Rule of Thumb to Remember

  • If you want an LED + timeout behavior → it's a command (command + seconds).
  • If you want something to "stick" between work → it's statics (statica…statice, locationoverride, brightness).
  • If you include line1…line5, you're in command land whether you meant to be or not.

Put Wall / Pack Wall Worked Example

Below is a Put Wall / Pack Wall worked example mapped end-to-end, using commands for short-lived actions and statics for long-lived state.

A. One-time provisioning per cubby (both sides)

Do this once when installing / mapping devices.

Set location + baseline display behavior (statics)
{
  "locationoverride": "PutWall 1 | Cubby 34",
  "displaytimeout": 15,
  "brightness": 100
}

What it means: Device always knows its putwall/cubby identity when idle. When someone taps the button while idle, it will briefly show DeviceID/location for 15s, then revert.

B. Put Side workflow (fast action)

Goal: Light the Put Side device briefly while the sorter drops units.

Create a "PUT NOW" command (short timeout)
{
  "command": "flash",
  "line1": "PUT: Order 1959690",
  "line2": "Qty: 2",
  "color": "blue",
  "seconds": 60,
  "nonce": "1959690"
}

What happens on the device:

  • LED turns on (blue) and shows the message.
  • Worker drops items and taps the button.

On button press → ACK → command clears:

  • Device immediately falls back to its statics (location / any static lines).

If nobody taps in 60 seconds → NACK → command clears:

  • This is fine on Put Side because it's supposed to be immediate.
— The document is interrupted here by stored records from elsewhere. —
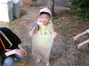お弁当タイムの後はドングリ拾いも楽しみました。「こんなに取れたよー!」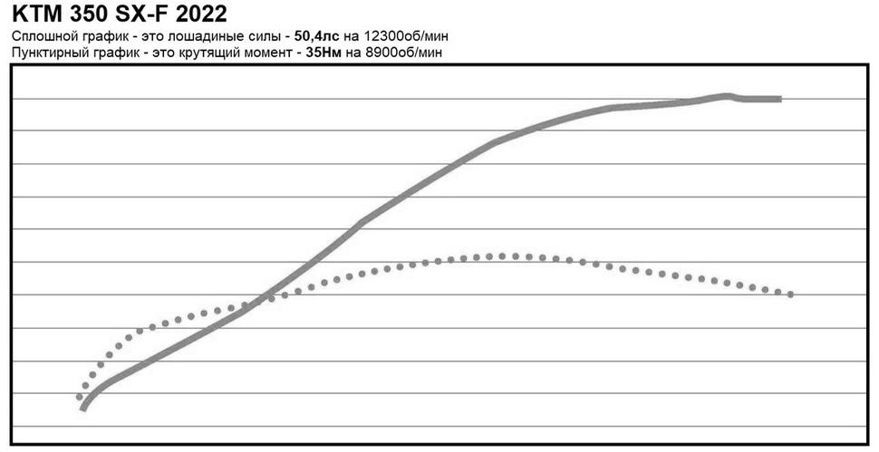 Взять, например, KTM 350 SX-F 2022: снаряжённым он весит 106кг, имеет высоту по седлу 95см, а 250 SX-F лишь на килограмм легче и имеет точно такое же высокое сиденье. При этом KTM 350 SX-F 2022 выдал в пике 50,4лс на 12300об/мин и 35Нм на 8900об/мин.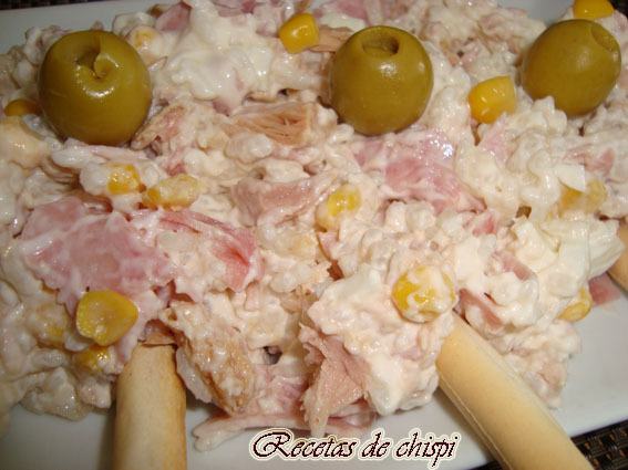 Cuando esté totalmente escurrido poner en un bol junto con los demas ingredientes cortado en daditos, el atún bien escurrido de aceite y desmenuzado, añadir el maiz y finalmente la mayonesa.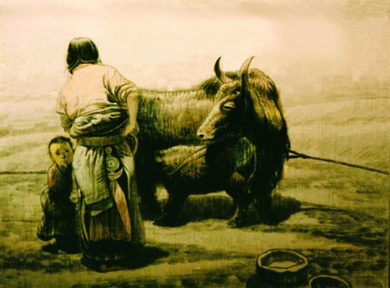 ◎ 赏析2:《黄河的歌》1983,《大河之源》前幅作品也是描绘黄河船工的,如果说上一幅像纪念碑,那么这一幅更像抒情诗。不是画船工的劳作,是画他们的休息。画面上,安静的夜晚,静下来的黄河,溶溶的月光,停泊的大船,船舱中的船工。船工有老有少,有的用饭,有的抽烟,船头一人吹唢呐,大家入神地倾听。悲切而欢快的唢呐,含着风声水声,在静夜中回荡,给人安详静寂中的遐思与憧憬。画法还是水墨写实的,但处理光线比较自由,虚实藏露也都围绕着刻画人物和渲染意境,以静衬动,用无声画有声。在写实的作品中,注入了诗情,富于生活韵味。《大河之源》中杨晓阳对黄河的描绘,投注了极大的热情,这是一套组画,七幅之一。他描绘黄河源头的藏族群众,亲切雍容,淳厚朴素,充满内美,容易使人想到法国米勒的作品,表现了对祖国对黄河儿女的深情,很像是包孕深厚的史诗。他这些水墨写实的作品,发扬了刘文西的传统,体现了黄土画派“熟悉人,严造型,讲笔墨,求创新”的风采,但在开掘动人的诗情上,有了新发展。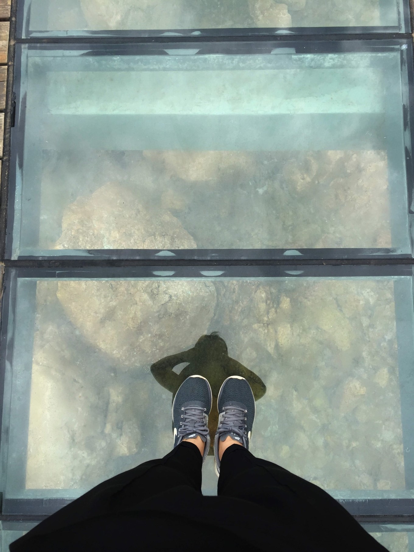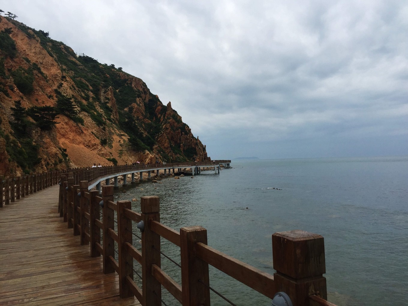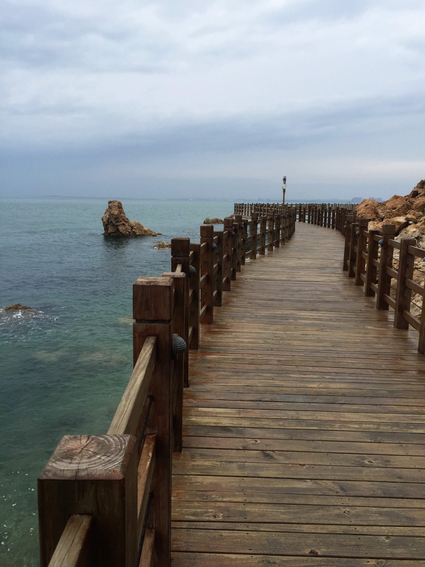 我們是從林海景區(qū)進(jìn)入的,要先坐免費(fèi)的觀光車,送到統(tǒng)一的休息站,然后再步行進(jìn)行景區(qū)。在景區(qū)玩好后,需要再回到這個休息站,坐觀光車送到山下。林海景區(qū)玩的地方很多:黃渤海分界線、木棧橋、玻璃棧道(雖然只有幾段)、長山尾……

Your app can log NACK as "put not acknowledged" and potentially re-queue.

Info

Put Side best practice: keep seconds short (30–120s) so NACKs are meaningful.

C. Pack Side workflow (may sit for hours)
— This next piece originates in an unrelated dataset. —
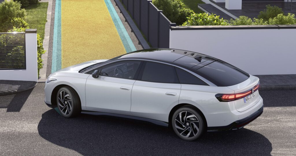 The ID.7 is solidly in the midsize class. It measures 60.5 inches tall, 73.3 inches wide and 195.3 inches long riding on a 117 in wheelbase, although Its design makes it appear even longer. And it allows for 18.8 cubic feet of cargo space, expanding to 56 cubic feet with the rear seats folded.
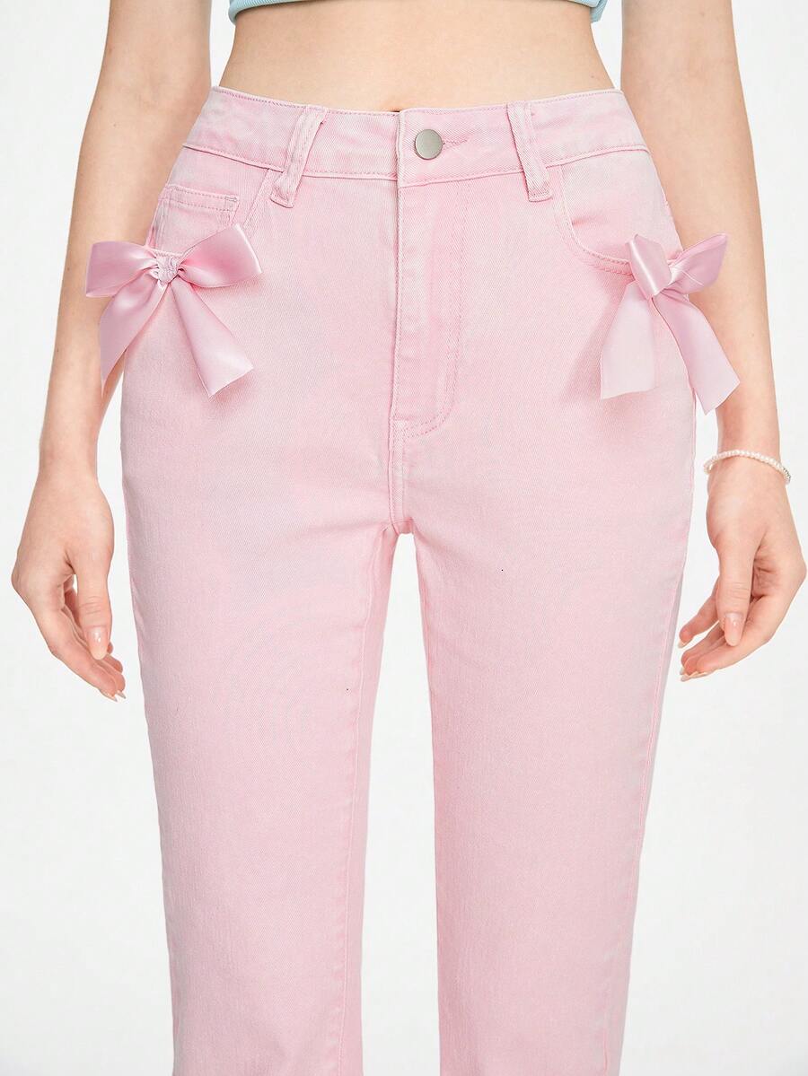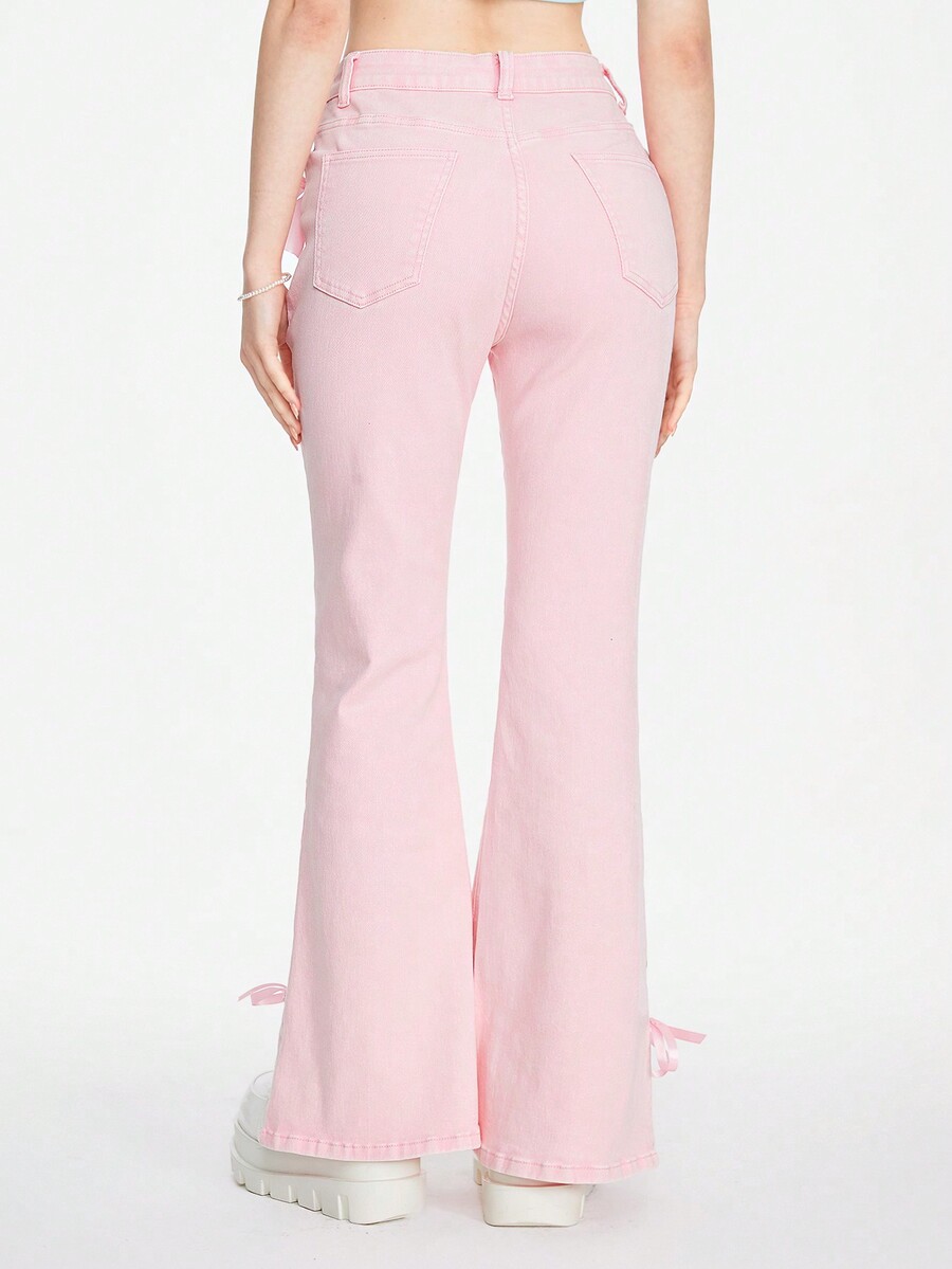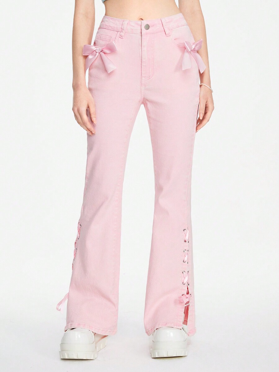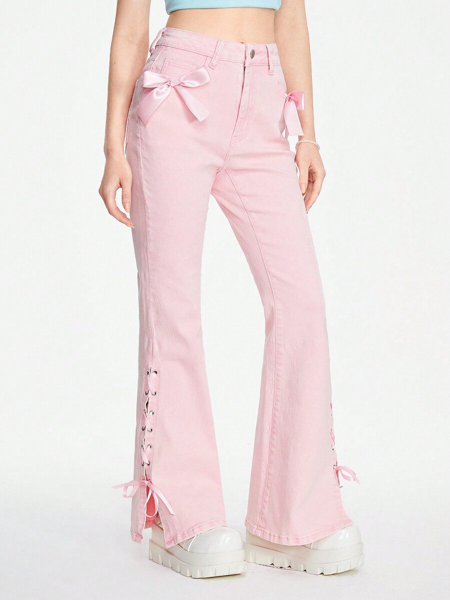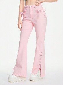 Women's Kawaii Girl Style Flare Jeans With Ribbon Tie & 3D Bowknot Decoration

Goal: If items are sitting in cubby waiting for packing, the device should keep showing state without draining batteries or generating NACK noise.

When a cubby becomes 'ready for pack', set a PACK HOLD static
{
  "locationoverride": "PutWall 1 | Cubby 34",
  "statica": "READY TO PACK",
  "staticb": "Order 1959690",
  "staticc": "Units: 2",
  "arrow": "up"
}

What happens:

  • No LED necessarily.
  • This message stays forever (until changed).
  • No timeout. No ACK/NACK. Minimal battery impact.

D. Trigger the packer at the moment packing should happen

When packing actually begins (or when you want to actively draw attention), use a command on Pack Side.

Start packing command (short-to-medium seconds)
{
  "command": "display",
  "line1": "PACK NOW",
  "line2": "Order 1959690",
  "line3": "Units: 2",
  "color": "green",
  "seconds": 900,
  "nonce": "1959690-pack"
}

Behavior:

  • LED on (green) up to 15 minutes.
  • If packer taps → ACK → command clears → device returns to the PACK HOLD statics (unless you clear them).

E. What to do on ACK (packing completed)

When you get ACK for the pack command, you typically want to change the idle state.

Option 1: Clear the statics (go back to just location/DeviceID behavior)
{
  "statica": "",
  "staticb": "",
  "staticc": "",
  "staticd": "",
  "statice": ""
}
Option 2: Replace with "DONE" statics for a while
{
  "statica": "PACK COMPLETE",
  "staticb": "Order 1959690",
  "staticc": "Good to ship"
}

F. What to do on NACK (packing didn't happen in time)

This is where Pack Side differs from Put Side. If the pack command times out (NACK), don't keep reissuing a long-running command. Instead:

On NACK, fall back to a static that expresses waiting state
{
  "statica": "WAITING FOR PACK",
  "staticb": "Order 1959690",
  "staticc": "Units: 2"
}

Now:

  • No more NACK spam.
  • No battery drain from a stuck LED.
  • The device still conveys exactly what's sitting there.

G. Optional advanced pattern: CALL-based reissue (human intent)

If you want the packer to explicitly say "I'm here, re-light it":

On NACK, show instructions as statics
{
  "statica": "HOLD BUTTON 4s",
  "staticb": "to re-light pack",
  "staticc": "Order 1959690",
  "unsolicitedNonce": "reissueID-122298393"
}

When worker holds the button:

  • Device sends CALL with the unsolicitedNonce you specify
  • Your system responds by reissuing the pack command

This is elegant because it avoids blind retries.

Warning

The "why not just seconds=0 on Pack Side?" answer:

You can do it, but it turns Pack Side into "leave the LED on for hours/days", which is usually unnecessary battery drain and makes timeout signals meaningless. Statics carry the long-lived state better.